Recent weeks have seen more attention paid to the epidemic resurgence in Covid-19 than to "monkeypox", or monkey pox.
Yet, the World Health Organization (WHO), calls for urgent and coordinated action if it is to make a change in the fight against the spread of the disease.
It is evident that contamination in Europe is on the rise after it has increased slightly over six weeks. More than 6200 cases are reported in 58 countries. Most of them are located in Western Europe.
This is four times greater than mid-June, despite an underestimation in the actual number of cases. There are at least three reasons for this.
First, frequent misdiagnoses. Although symptoms may resemble "historic" smallpox which was eradicated in 1980s, the truth is that they are often not as clear-cut. Some cases can be confused with chickenpox and other conditions like syphilitic channel, herpes simplex, or gonorrhea.
Monkeypox in France is now considered a "notifiable" disease. However, screening and surveillance capabilities are still limited.

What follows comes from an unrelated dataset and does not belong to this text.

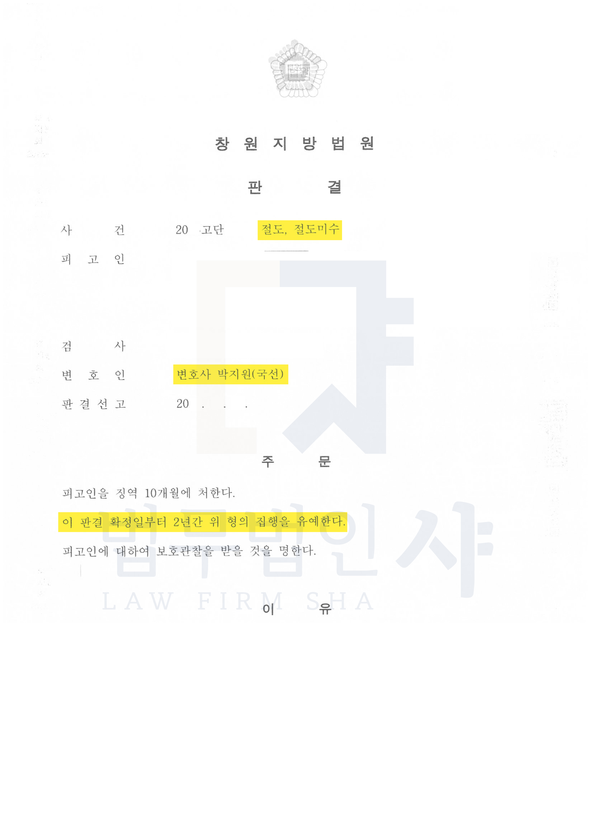 창원지방법원은 20XX년 XX월 XX일 판결을 통해 피고인에게 징역 10개월에 집행유예 2년을 선고했습니다.

Finally, "the diagnostic criteria sometimes exclude homosexuals without a trip history from the beginning", as Claude-Alexandre Gustave, a biologist, laments. He cites a British study in The Lancet.
As an example, March 2020 was the first time "Covid-19", a condition that could only be diagnosed in patients who had returned from China, was it?
It is not sexually transmitted, but there are cases in children and women.
Claude-Alexandre Gustave, biologist
Longer, hotter, drier days, open windows... The spread of respiratory viruses such as Covid-19 is influenced by the summer season.
Monkey pox is a different case. It can be transmitted by direct contact...and indirect. This includes the skin and mucous membranes as well as household linen, dishes, smartphones, and any other shared objects.
Summer brings with it the risk of amplifying, especially when there are outings, festivals and transport.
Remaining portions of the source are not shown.